[[ DATA SHOWN open ]]

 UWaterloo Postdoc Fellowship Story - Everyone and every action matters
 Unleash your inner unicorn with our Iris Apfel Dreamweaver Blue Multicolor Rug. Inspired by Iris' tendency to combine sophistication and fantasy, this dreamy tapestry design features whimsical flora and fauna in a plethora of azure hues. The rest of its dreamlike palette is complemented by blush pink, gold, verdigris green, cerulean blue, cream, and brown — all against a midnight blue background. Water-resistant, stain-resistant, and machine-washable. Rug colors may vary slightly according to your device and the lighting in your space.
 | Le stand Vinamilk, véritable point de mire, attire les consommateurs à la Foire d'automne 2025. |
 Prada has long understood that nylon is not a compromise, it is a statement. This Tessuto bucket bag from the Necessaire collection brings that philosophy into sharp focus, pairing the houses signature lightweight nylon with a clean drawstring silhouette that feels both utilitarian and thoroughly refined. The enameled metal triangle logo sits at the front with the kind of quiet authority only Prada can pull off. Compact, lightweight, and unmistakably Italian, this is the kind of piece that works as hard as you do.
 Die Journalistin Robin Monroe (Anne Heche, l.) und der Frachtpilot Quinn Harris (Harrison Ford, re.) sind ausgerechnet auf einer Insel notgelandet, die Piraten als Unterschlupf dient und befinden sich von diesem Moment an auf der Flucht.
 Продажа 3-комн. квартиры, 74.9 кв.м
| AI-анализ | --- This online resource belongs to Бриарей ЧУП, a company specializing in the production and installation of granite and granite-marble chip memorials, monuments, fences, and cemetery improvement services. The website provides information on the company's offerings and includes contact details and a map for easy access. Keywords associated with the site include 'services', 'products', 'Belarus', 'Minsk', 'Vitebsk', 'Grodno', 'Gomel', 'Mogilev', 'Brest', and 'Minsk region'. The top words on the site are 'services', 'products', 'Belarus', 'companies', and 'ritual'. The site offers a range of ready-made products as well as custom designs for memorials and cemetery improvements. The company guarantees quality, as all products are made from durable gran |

[[ DATA SHOWN closed ]]

This calls for all of the entries above, repeated exactly.

**WRITTEN ANSWER:**
 UWaterloo Postdoc Fellowship Story - Everyone and every action matters
 Unleash your inner unicorn with our Iris Apfel Dreamweaver Blue Multicolor Rug. Inspired by Iris' tendency to combine sophistication and fantasy, this dreamy tapestry design features whimsical flora and fauna in a plethora of azure hues. The rest of its dreamlike palette is complemented by blush pink, gold, verdigris green, cerulean blue, cream, and brown — all against a midnight blue background. Water-resistant, stain-resistant, and machine-washable. Rug colors may vary slightly according to your device and the lighting in your space.
 | Le stand Vinamilk, véritable point de mire, attire les consommateurs à la Foire d'automne 2025. |
 Prada has long understood that nylon is not a compromise, it is a statement. This Tessuto bucket bag from the Necessaire collection brings that philosophy into sharp focus, pairing the houses signature lightweight nylon with a clean drawstring silhouette that feels both utilitarian and thoroughly refined. The enameled metal triangle logo sits at the front with the kind of quiet authority only Prada can pull off. Compact, lightweight, and unmistakably Italian, this is the kind of piece that works as hard as you do.
 Die Journalistin Robin Monroe (Anne Heche, l.) und der Frachtpilot Quinn Harris (Harrison Ford, re.) sind ausgerechnet auf einer Insel notgelandet, die Piraten als Unterschlupf dient und befinden sich von diesem Moment an auf der Flucht.
 Продажа 3-комн. квартиры, 74.9 кв.м
| AI-анализ | --- This online resource belongs to Бриарей ЧУП, a company specializing in the production and installation of granite and granite-marble chip memorials, monuments, fences, and cemetery improvement services. The website provides information on the company's offerings and includes contact details and a map for easy access. Keywords associated with the site include 'services', 'products', 'Belarus', 'Minsk', 'Vitebsk', 'Grodno', 'Gomel', 'Mogilev', 'Brest', and 'Minsk region'. The top words on the site are 'services', 'products', 'Belarus', 'companies', and 'ritual'. The site offers a range of ready-made products as well as custom designs for memorials and cemetery improvements. The company guarantees quality, as all products are made from durable gran |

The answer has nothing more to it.